The role of Mayor
Each year the Council elects one of its councillors to serve as the borough’s Mayor. This election happens at the Council’s Annual General Meeting (AGM), and so each Mayor’s term begins in May and concludes the following May.
The Mayor acts as the borough’s ceremonial and civic head and does not take an active political role in the Council’s affairs.
The key parts of the Mayor’s role are to:
Attend events in the community
Every year the Mayor attends hundreds of engagements hosted by local organisations, charities or businesses across the borough and London. The Mayor attends these events to show support for the work of community organisations and is sometimes asked to make speeches of thanks or give out awards.
The Mayor also acts as a representative of the borough at official or ceremonial events, for example by laying a wreath on behalf of the borough at Remembrance Ceremonies. Find out how to invite the Mayor to your event.
Chair Council meetings
The Mayor acts as the Chair of Full Council meetings in the Council Chamber at Kensington Town Hall. The Mayor makes sure that councillors get a fair chance to speak (without going over their allotted time) and acts with impartiality, so does not get involved in voting. This is similar to the role of the Speaker in the House of Commons. The Mayor is supported by the Council’s Chief Executive and Monitoring Officer to ensure that standing orders and protocol are followed correctly.
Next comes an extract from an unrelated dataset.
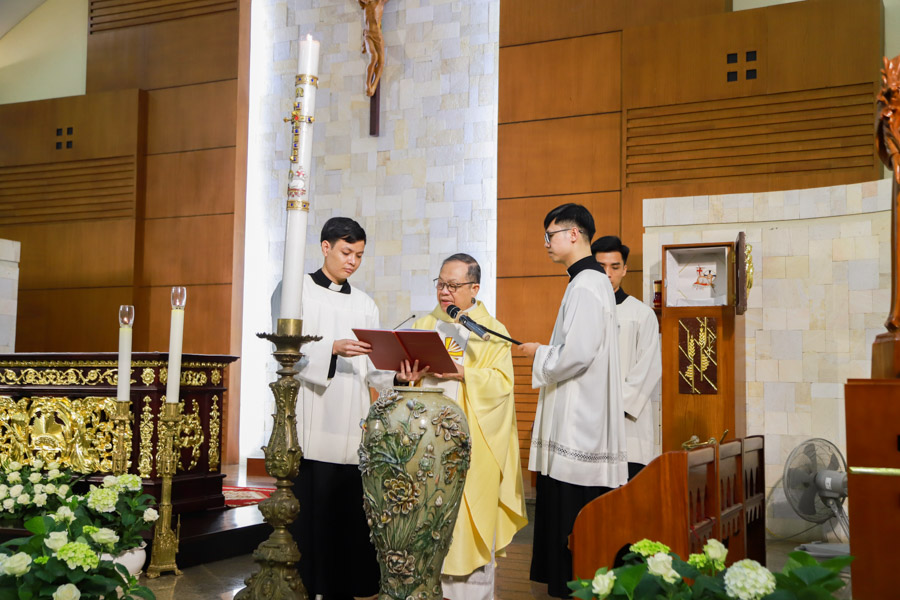 Trong sự tĩnh lặng của ngôi nhà nguyện, cuộc lữ hành đức tin của cộng đoàn bắt đầu bằng Nghi thức Thắp nến Phục Sinh. Ngọn lửa mới được thánh hóa đã xua tan bóng đêm, lan tỏa ánh sáng của Đức Kitô đến từng thành viên trong gia đình Chủng viện. Giữa bầu khí linh thiêng ấy, bài công bố Tin Mừng Phục Sinh (Exsultet) vang lên như một khúc ca khải hoàn, loan báo chiến thắng vinh hiển của sự sống vượt trên sự chết.

Hold events in the Mayor’s Parlour at Kensington Town Hall
Over their term, the Mayor hosts a number of receptions and events in the Mayor’s Parlour at Kensington Town Hall. The events each Mayor choses to host vary from year to year, but generally include events such as social functions to show support for local organisations, receptions to raise money for the Mayor’s chosen charity, or awards evenings to thank staff for their long service to the Council.
Receive guests on their official borough engagements
As first citizen of the borough, part of the Mayor’s role is to receive members of the Royal Family and other important guests, such as diplomats and dignitaries, on their official engagements in the borough.